You can see in the USD/JPY 1-hour chart below that all of the conditions for a buy trade have been met. The 50 SMA is above the 200 SMA, which is known as the golden cross and is a strong sign that we are in a bullish market. The CCI is in the oversold extreme zone below -100 and showing divergence to the upside. The recent resistance level was breached and has since become a support level that has been tested a few times and held up well. The entry is confirmed with a hammer candlestick pattern followed by an engulfing bar, both bullish signals. The stop loss could have been placed just below the support level and 50 SMA, which is around 20 pips. This uptrend continued for around 630 pips which would have been a great buy trade. The 50 SMA could have been used as a trailing stop but may have taken the trade out around half way up. I would have at least wanted to lock the trade in at break even point and take some profit along the way. It can be very frustrating to see a good trade turn into a bad one through greed and/or poor money management.

CCI Moving Average Strategy Buy Signal
CCI Moving Average Strategy Buy Signal

Sell signal

  • SMA 50 is below SMA 200
  • CCI is overbought above 100
  • CCI is showing divergence to the sell side
  • Price is breaching support or bouncing from resistance
  • Bearish candlestick patterns

In the USD/JPY 1-hour chart below, you will see that the 50 moving average is below the 200 moving average. This is an important crossover known as the death cross. It is a strong indicator of a bearish forex market. The CCI is showing downwards divergence and is in the overbought zone, suggesting buyers are running out of steam. We can see price bounces from the recent resistance level and then has a steep decline downwards, confirmed by a shooting star candlestick pattern. The stop loss could have been placed just above the 200 SMA, which would have been around 20 pips. When you consider this downtrend continued for around 580 pips, there was plenty of opportunity to take profit on the way down.

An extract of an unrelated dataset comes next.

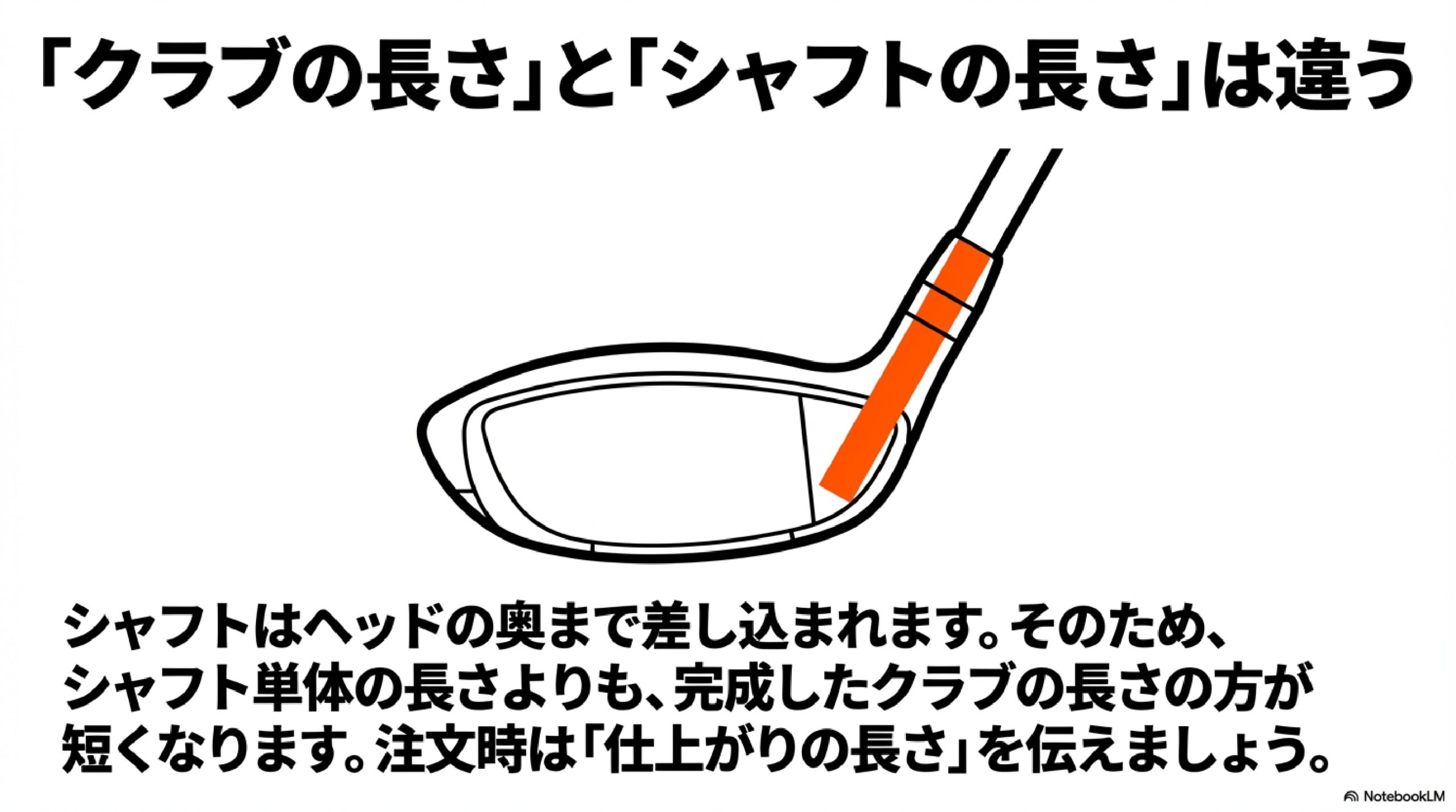 ・シャフト長とクラブ長は異なる。カスタム時は「仕上がりクラブ長」を伝える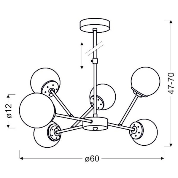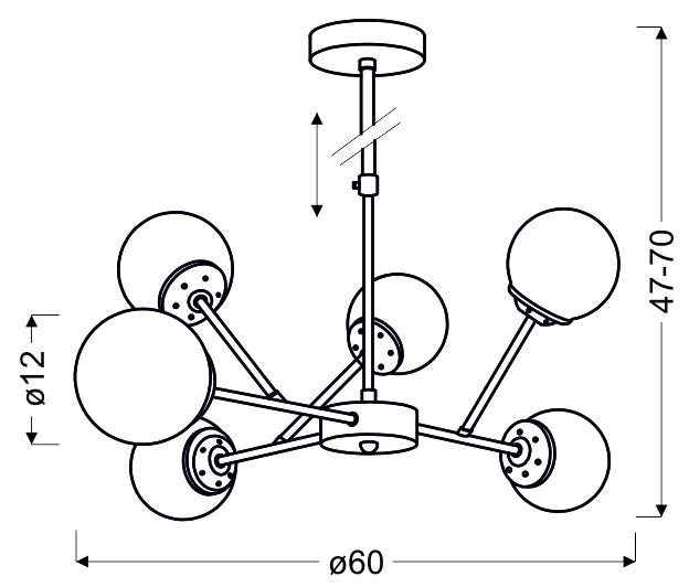 BEST 36-67272 to nowoczesna lampa wisząca z sześcioma źródłami światła. Korpus lampy wykonano z chromowanego metalu. Kuliste klosze są z transparentnego szkła. Dodatkowym elementem ozdobnym lampy są miedziane tuleje na oprawkach żarówek. Oprawa będzie idealnym wyborem do nowoczesnych wnętrz. Doskonale będzie się prezentować w: salonie, jadalni, sypialni, pokoju młodzieżowym, gabinecie, biurze, lokalu. Lampa posiada możliwość regulacji wysokości na teleskopowej sztycy. Wysokość maksymalna lampy to: 70 cm, szerokość 60 cm, głębokość 60 cm. Źródłem światła jest żarówka typu E14 o mocy max 40W w ilości 6 szt.

CCI Moving Average Strategy Sell Signal
CCI Moving Average Strategy Sell Signal

CCI moving average strategy Pros & Cons

Pros

  • Catch some big trends from the start
  • Can spot ranging and trending markets
  • Helps to filter false signals
  • Any currency pair or timeframe
  • CCI and SMA are free to use

Cons

  • Requires good timing for entry/exit
  • Need sensible money management
  • There will still be false signals

Conclusion: does trading forex with the CCI and moving average work?

Yes, these are 2 very powerful indicators when you know how to use all of the different elements of them, from moving average crossovers to CCI divergence. I still wouldn’t use them on their own without further chart analysis to help filter bad trades and time my entry into the market. Even then, there will still be false signals which is why good money management is so important.

If you like the look of the moving average and CCI strategy, you could always give it a try on a demo account to see how it goes. You can get a free forex demo account from most forex brokers. I would always practice any forex strategy on demo at first in order to understand how it works and see if it produces the desired results before making any commitment.